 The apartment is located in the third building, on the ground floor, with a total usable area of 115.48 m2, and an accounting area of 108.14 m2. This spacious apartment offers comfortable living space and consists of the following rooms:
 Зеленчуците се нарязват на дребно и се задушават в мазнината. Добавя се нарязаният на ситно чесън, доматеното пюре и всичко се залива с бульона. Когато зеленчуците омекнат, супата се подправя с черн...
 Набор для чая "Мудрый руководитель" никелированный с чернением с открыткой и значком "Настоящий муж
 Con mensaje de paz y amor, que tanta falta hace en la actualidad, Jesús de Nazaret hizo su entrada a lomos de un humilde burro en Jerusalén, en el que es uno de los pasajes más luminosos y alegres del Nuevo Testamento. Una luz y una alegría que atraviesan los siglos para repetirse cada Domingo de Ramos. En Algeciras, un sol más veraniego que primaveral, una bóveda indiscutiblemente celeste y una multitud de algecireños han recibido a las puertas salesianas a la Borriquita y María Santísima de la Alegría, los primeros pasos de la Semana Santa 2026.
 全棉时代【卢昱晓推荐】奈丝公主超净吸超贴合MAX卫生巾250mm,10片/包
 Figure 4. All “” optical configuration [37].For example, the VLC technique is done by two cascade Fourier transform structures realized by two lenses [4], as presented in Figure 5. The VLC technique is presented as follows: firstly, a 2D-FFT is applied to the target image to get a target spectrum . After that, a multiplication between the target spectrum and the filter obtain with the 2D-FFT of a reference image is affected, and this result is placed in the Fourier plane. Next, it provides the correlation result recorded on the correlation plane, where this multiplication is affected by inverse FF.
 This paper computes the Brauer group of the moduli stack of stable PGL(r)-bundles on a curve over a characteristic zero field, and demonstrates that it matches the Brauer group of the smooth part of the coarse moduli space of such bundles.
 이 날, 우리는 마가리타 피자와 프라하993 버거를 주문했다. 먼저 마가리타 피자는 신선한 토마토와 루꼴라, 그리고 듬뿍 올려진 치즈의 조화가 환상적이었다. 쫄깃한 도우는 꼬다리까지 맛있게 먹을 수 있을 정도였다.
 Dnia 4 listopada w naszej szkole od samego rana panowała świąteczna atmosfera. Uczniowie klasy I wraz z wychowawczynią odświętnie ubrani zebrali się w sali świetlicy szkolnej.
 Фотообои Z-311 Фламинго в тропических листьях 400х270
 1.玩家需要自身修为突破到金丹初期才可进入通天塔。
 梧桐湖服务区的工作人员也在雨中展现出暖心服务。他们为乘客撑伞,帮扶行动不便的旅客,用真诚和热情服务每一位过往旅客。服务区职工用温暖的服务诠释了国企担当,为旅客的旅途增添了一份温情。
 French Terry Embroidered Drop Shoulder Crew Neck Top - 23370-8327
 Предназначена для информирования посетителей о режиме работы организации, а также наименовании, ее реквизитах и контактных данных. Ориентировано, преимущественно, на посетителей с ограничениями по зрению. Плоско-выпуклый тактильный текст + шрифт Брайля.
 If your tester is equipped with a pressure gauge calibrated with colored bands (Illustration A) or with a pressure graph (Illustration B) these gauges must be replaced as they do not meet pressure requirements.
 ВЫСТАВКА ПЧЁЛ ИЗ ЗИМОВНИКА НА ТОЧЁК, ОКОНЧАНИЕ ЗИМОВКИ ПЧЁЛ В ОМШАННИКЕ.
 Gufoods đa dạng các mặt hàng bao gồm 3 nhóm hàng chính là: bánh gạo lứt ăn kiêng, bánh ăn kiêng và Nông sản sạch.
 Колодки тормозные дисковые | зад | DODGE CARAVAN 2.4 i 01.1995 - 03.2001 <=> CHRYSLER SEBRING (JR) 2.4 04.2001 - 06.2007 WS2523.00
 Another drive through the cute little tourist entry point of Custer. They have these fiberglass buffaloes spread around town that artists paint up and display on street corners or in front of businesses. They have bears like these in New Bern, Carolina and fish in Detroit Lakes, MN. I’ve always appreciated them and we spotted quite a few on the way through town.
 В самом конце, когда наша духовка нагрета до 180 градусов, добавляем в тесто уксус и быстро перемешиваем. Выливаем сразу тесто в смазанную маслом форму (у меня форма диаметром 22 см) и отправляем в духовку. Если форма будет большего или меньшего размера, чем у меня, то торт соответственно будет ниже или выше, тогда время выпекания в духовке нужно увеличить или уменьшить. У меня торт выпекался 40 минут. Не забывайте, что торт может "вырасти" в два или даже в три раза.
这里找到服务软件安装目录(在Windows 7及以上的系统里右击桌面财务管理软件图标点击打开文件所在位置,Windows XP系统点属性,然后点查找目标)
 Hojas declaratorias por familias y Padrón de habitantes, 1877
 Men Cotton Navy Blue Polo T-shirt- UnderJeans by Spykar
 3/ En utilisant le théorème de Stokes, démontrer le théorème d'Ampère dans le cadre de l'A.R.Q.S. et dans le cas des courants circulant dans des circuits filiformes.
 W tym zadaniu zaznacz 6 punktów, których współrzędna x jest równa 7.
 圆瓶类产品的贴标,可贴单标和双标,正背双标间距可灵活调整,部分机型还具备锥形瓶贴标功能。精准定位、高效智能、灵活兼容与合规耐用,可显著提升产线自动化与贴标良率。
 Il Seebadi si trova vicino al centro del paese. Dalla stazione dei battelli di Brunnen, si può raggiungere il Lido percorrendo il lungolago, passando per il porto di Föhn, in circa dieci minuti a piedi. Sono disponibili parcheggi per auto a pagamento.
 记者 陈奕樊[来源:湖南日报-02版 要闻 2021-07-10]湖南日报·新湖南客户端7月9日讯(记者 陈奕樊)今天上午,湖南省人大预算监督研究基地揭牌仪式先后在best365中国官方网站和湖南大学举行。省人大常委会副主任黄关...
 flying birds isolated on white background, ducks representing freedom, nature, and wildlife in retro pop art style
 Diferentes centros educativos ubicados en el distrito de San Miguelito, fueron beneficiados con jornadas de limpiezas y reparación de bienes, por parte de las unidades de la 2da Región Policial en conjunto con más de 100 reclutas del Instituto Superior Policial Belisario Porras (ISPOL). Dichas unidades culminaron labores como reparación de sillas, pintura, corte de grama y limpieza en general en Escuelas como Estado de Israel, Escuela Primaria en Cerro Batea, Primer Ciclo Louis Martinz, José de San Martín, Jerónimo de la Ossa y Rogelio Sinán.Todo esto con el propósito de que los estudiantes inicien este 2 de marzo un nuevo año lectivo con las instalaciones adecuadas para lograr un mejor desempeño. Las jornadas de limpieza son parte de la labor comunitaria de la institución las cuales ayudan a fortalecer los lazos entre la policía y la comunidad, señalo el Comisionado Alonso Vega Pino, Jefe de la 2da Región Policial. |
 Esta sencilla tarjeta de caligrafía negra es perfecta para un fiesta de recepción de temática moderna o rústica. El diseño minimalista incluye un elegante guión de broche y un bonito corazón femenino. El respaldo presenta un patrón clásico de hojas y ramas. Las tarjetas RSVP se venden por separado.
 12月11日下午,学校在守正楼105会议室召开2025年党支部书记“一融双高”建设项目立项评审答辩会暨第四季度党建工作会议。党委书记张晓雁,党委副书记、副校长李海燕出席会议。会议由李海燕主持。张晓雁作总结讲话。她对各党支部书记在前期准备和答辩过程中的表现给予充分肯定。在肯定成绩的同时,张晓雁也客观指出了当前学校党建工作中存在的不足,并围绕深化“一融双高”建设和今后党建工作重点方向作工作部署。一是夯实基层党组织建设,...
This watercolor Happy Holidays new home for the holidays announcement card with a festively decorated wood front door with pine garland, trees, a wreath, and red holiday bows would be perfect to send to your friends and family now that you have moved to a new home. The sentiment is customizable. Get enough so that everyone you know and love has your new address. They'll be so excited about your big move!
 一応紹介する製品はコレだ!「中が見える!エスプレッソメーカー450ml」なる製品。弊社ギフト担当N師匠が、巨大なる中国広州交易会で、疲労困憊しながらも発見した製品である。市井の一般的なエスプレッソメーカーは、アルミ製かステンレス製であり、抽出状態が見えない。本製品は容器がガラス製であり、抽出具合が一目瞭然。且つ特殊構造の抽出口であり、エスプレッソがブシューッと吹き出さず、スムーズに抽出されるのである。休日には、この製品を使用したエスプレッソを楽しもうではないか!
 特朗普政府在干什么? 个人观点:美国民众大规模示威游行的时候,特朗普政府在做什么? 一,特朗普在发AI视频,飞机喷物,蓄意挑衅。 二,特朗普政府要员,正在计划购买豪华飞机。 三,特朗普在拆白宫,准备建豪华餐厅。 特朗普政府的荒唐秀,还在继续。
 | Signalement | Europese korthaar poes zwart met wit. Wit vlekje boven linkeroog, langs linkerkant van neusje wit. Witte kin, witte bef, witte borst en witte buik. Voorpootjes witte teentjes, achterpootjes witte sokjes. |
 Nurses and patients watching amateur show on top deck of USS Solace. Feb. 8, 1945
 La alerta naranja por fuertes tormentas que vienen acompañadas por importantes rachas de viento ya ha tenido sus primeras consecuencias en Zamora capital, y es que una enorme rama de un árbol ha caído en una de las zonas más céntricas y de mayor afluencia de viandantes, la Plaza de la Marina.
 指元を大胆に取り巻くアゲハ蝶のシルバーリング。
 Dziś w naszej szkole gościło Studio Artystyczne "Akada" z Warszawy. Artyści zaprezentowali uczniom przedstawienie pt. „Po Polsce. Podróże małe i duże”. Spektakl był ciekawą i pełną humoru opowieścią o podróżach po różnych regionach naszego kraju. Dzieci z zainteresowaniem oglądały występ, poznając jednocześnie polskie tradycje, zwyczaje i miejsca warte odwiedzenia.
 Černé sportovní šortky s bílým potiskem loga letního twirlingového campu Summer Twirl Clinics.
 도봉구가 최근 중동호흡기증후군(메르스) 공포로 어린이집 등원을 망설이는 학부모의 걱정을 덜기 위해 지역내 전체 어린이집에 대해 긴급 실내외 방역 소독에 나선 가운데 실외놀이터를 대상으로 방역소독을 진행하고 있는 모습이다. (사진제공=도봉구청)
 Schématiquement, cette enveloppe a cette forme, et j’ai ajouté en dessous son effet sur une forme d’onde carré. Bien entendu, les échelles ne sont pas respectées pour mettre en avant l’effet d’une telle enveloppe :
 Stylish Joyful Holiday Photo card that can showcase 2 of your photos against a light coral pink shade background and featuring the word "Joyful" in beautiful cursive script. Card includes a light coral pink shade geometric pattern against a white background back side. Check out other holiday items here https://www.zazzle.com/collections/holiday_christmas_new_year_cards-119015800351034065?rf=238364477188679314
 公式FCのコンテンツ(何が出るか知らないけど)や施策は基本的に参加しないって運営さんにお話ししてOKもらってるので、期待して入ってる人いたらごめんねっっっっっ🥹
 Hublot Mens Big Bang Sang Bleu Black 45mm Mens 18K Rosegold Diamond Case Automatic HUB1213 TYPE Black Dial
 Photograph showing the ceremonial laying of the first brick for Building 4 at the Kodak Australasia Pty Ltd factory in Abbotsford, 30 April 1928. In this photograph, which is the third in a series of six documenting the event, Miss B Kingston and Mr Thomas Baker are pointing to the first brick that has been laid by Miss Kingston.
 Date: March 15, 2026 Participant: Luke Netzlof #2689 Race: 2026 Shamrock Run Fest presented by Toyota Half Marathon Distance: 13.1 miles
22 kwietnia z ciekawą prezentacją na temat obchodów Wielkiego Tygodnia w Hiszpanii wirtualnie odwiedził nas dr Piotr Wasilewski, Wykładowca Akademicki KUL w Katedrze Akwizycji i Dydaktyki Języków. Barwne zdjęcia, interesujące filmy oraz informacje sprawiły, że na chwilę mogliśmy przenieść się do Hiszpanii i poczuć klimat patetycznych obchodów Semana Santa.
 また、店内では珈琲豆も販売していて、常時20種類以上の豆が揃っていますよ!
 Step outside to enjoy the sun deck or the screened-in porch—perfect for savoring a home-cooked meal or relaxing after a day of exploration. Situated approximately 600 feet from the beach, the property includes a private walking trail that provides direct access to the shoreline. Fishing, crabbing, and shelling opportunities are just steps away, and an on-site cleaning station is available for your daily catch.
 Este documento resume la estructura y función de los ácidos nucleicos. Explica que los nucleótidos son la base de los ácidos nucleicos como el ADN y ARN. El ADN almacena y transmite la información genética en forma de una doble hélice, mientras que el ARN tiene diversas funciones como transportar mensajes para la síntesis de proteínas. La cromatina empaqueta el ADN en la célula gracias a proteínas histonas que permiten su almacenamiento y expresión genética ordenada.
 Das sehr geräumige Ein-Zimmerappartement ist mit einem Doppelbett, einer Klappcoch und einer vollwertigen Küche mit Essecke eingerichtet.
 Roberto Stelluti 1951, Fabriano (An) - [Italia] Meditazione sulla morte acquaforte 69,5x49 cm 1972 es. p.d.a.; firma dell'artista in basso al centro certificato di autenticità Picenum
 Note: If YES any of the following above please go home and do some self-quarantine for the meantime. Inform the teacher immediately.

══════

§ WHAT IS NEEDED:
Say the number of lines above that include "following", and only that.

§ SOLUTION:
2